Salah satu faktor penyebab depresi ini adalah kurangnya tingkat pengetahuan individu. Kurangnya tingkat pengetahuan individu terkait sikap dalam menghadapi bencana gempa bumi yang terjadi secara mendadak menyebabkan individu rentan mengalami depresi. Faktor penyebab depresi ini juga mempengaruhi kerentanan individu. Pada penelitian oleh Gao et al. (2019), penyintas bencana gempa bumi dengan rentang usia 18 tahun masih mengalami depresi karena pengalaman gempa bumi yang mengguncangnya. Gejala depresi lebih tinggi pada lansia penyintas gempa bumi karena lansia merupakan kelompok rentan (Liang, 2016).

Situasi emosional setelah kejadian gempa bumi ternyata mempengaruhi pola tidur seseorang. Menurut Khazaie et al. (2019) insomnia terjadi saat bencana karena dipengaruhi oleh stress dan kecemasan. Insomnia merupakan gangguan kesulitan tidur yang dapat dialami oleh korban pasca gempa bumi. Berdasarkan penelitian Rohmah et al. (2023) menunjukkan sebesar 20,4% masyarakat tidak mengalami insomnia, sementara 79,6% mengalami insomnia pada korban gempa bumi. Penelitian yang dilakukan oleh Khazaie et al. (2019) menunjukkan bahwa 4% sampel pada penelitian mengalami kualitas tidur yang sangat buruk atau insomnia yang tinggi, sehingga individu mengalami penurunan kualitas tidur dan adanya peningkatan insomnia setelah terjadinya gempa bumi.

Pada penyintas gempa bumi memiliki pikiran negatif secara terus-menerus terhadap kemungkinan yang akan terjadi kedepannya. Para penyintas merasakan kegelisahan secara berulang pada gempa yang mungkin dapat terjadi kembali atau gempa susulan (Sugiura et al., 2013). Hal ini akan menjadi pemicu munculnya insomnia pada individu. Insomnia juga dipengaruhi oleh tingkat stress, depresi, dan kecemasan yang tinggi (Rohmah et al., 2023). 

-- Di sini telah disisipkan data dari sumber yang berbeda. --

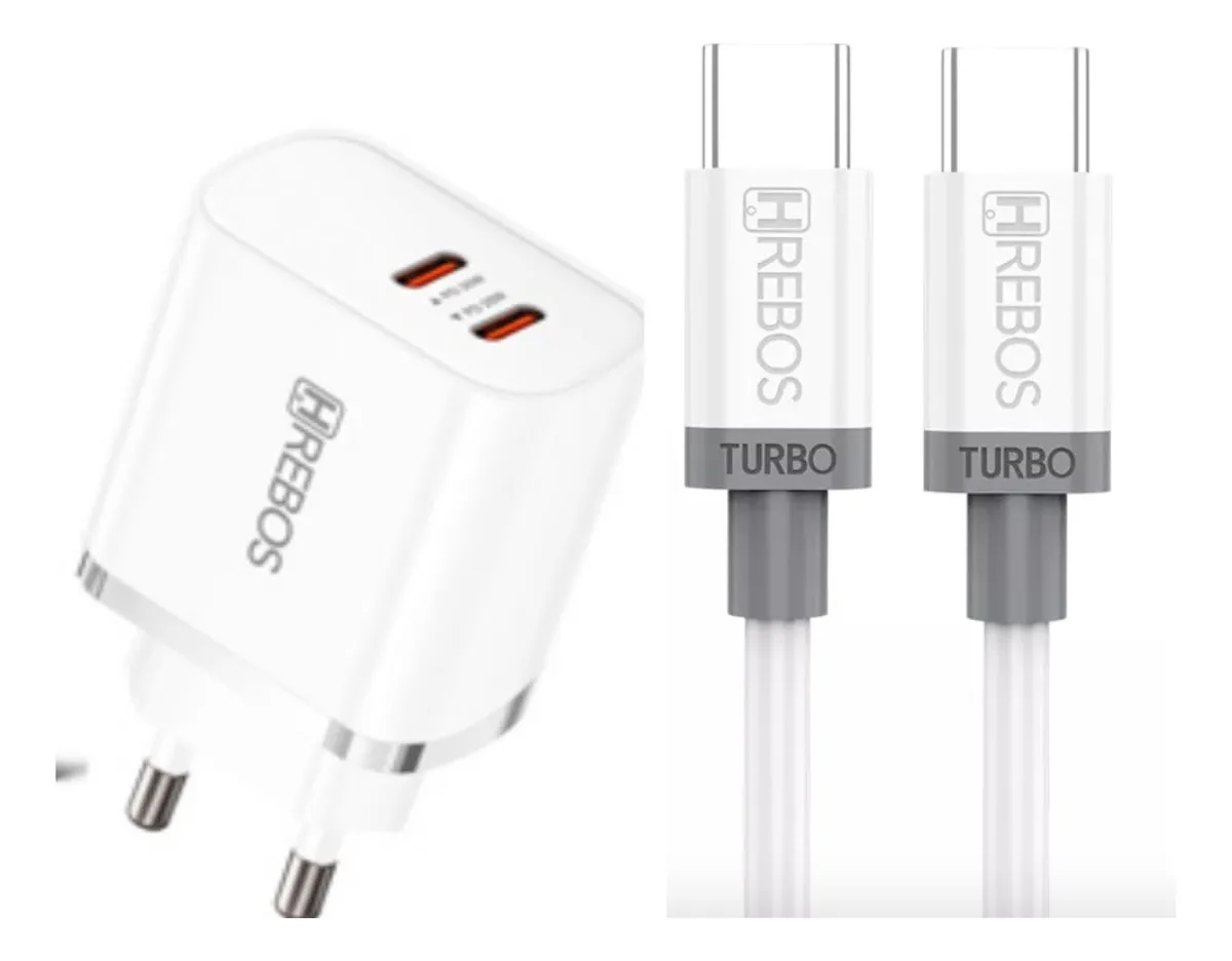 Carregador Turbo Tipo C Duplo – 40w Combinado + Cabo Tipo C CRG-216C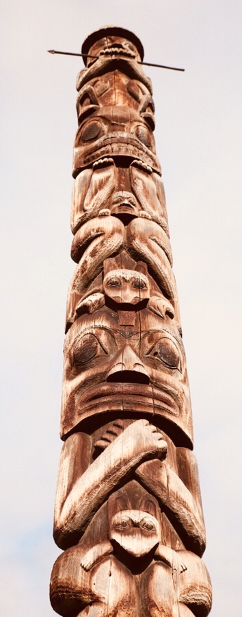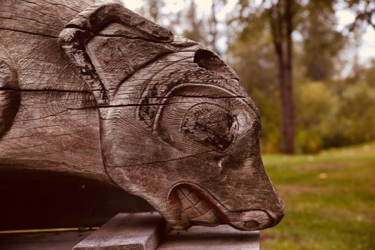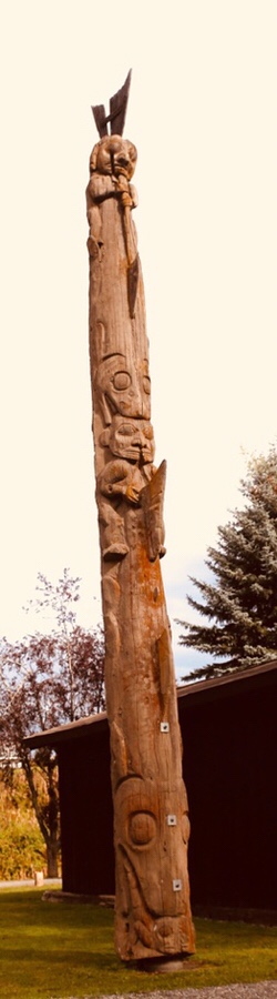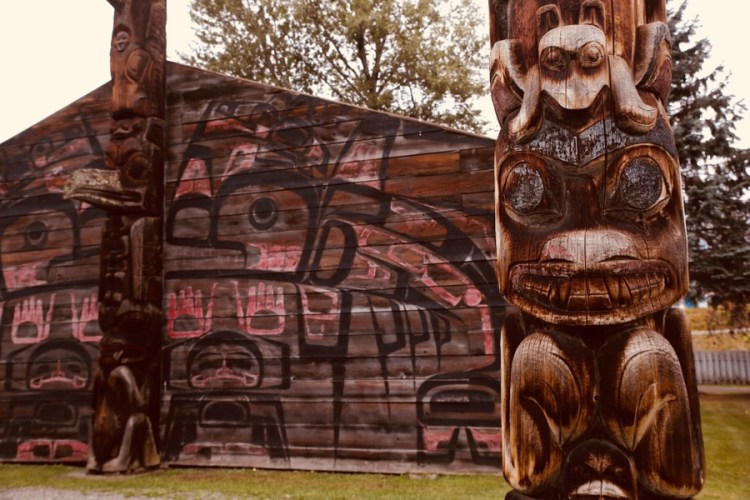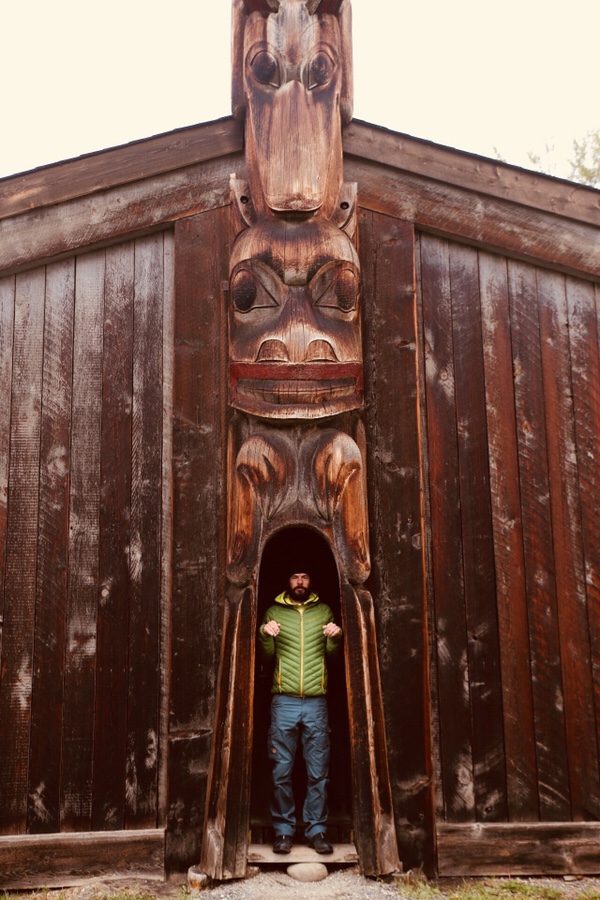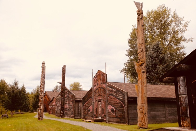 – Das Museum und die merkwürdigen Totems in Ksan. (Die liest man übrigens von unten nach oben und der mit dem gespaltenen Menschen, aus dem der Fisch kommt, hat uns noch beschäftigt.)

Reaksi psikologis pasca bencana pada anak-anak dipengaruhi oleh usianya. Hal ini disebabkan karena usia menjadi faktor penting dalam menentukan sejauh mana anak memahami peristiwa bencana. (Thoyibah et al., 2019). Anak-anak yang menjadi penyintas gempa bumi sering menunjukkan gejala ketakutan tinggi, gejala somatik, masalah kognitif, perubahan perilaku, dan masalah sosial. Anak-anak juga mengalami gangguan tidur, seperti mimpi buruk, seperti mudah tersinggung. Berdasarkan penelitian yang dilakukan oleh Thoyibah et al. (2019), anak-anak penyintas gempa bumi mengutarakan bahwa mereka takut untuk masuk ke dalam rumahnya setelah peristiwa gempa bumi.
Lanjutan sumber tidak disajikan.